Le modèle de la Commission est suffisamment général pour appréhender les effets de politiques aussi différentes que les politiques d’insertion sociale et d’environnement. Par ailleurs, il se prête aussi bien à l’analyse rétrospective de politiques passées qu’à l’anticipation des effets de politiques envisagées. A titre expérimental, la Commission l’applique à huit politiques : fonds structurels, recherche et développement, libéralisation des marchés, développement rural, politique d’entreprise, environnement, insertion sociale, transport et énergie. L’application à la politique de libéralisation des marchés en fournit une bonne illustration.
L’exemple de la libéralisation des marchés
La politique de libéralisation des marchés est à l’origine de la construction communautaire. Engagée en 1958 avec l’abaissement des barrières douanières entre les six pays fondateurs de la Communauté, elle s’est poursuivie par la mise en place du marché unique à partir de 1986, puis de l’Union économique et monétaire à partir de 1992, et s’est étendue au rythme des élargissements successifs. Le réexamen des effets de cette politique à travers le prisme du modèle conduit à distinguer deux canaux privilégiés par lesquels s’exerce l’influence de la libéralisation des marchés : la demande de produits et l’offre de travail.
Du côté de la demande de produits, la libéralisation se traduit essentiellement par une levée des barrières douanières qui allège les coûts de transport et de distribution, et par une harmonisation technique, fiscale et réglementaire qui favorise les économies d’échelle, la concurrence, et le co-investissement en recherche et développement. L’effet s’exerce sur la demande intra-communautaire ainsi que sur les exportations de l’Union, et en dernière analyse sur le volume d’emploi.
Du côté de l’offre de travail, la libéralisation se traduit par la levée des contrôles des flux migratoires intra européens, d’où une plus grande mobilité du travail. La mobilité elle-même exerce une double influence : d’une part, elle favorise une meilleure transparence du marché du travail, ce qui oriente et rend plus efficace l’investissement en capital humain, d’où de possibles effets qualitatifs et quantitatifs sur l’emploi ; d’autre part, elle augmente l’offre de travail et de qualifications.

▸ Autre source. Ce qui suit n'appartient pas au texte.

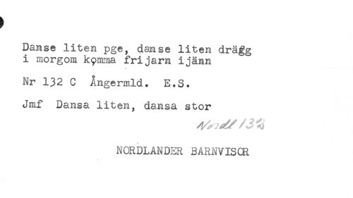 //// Danse liten pge, dan se liten drägg //// i morgom kpmma frijarn ijänn //// * //// Nr 132 C Ångermld. E.S. //// Jmf Dansa liten, dansa stor //// /J % //// NORDLANDER BARNVISCR ////

L’approche fournit ainsi une vision globale des canaux spécifiques par lesquels chaque politique communautaire exerce ses effets. Ces effets eux-mêmes peuvent être appréhendés de façon qualitative, ou quantitative lorsque les statistiques disponibles le permettent.
En définitive, bien qu’encore très perfectible, le modèle d’anticipation des effets des politiques communautaires sur l’emploi présente un réel intérêt. C’est tout d’abord un outil intuitif et pédagogique qui offre une vision à la fois synthétique et canonique du marché du travail et des déterminants de l’emploi, et qui peut permettre d’articuler différentes approches du marché du travail. Mais c’est surtout un cadre de réflexion qui peut permettre de comprendre la démarche entreprise par l’Union pour mieux évaluer les effets sur l’emploi de ses politiques, et pour mieux coordonner ces dernières.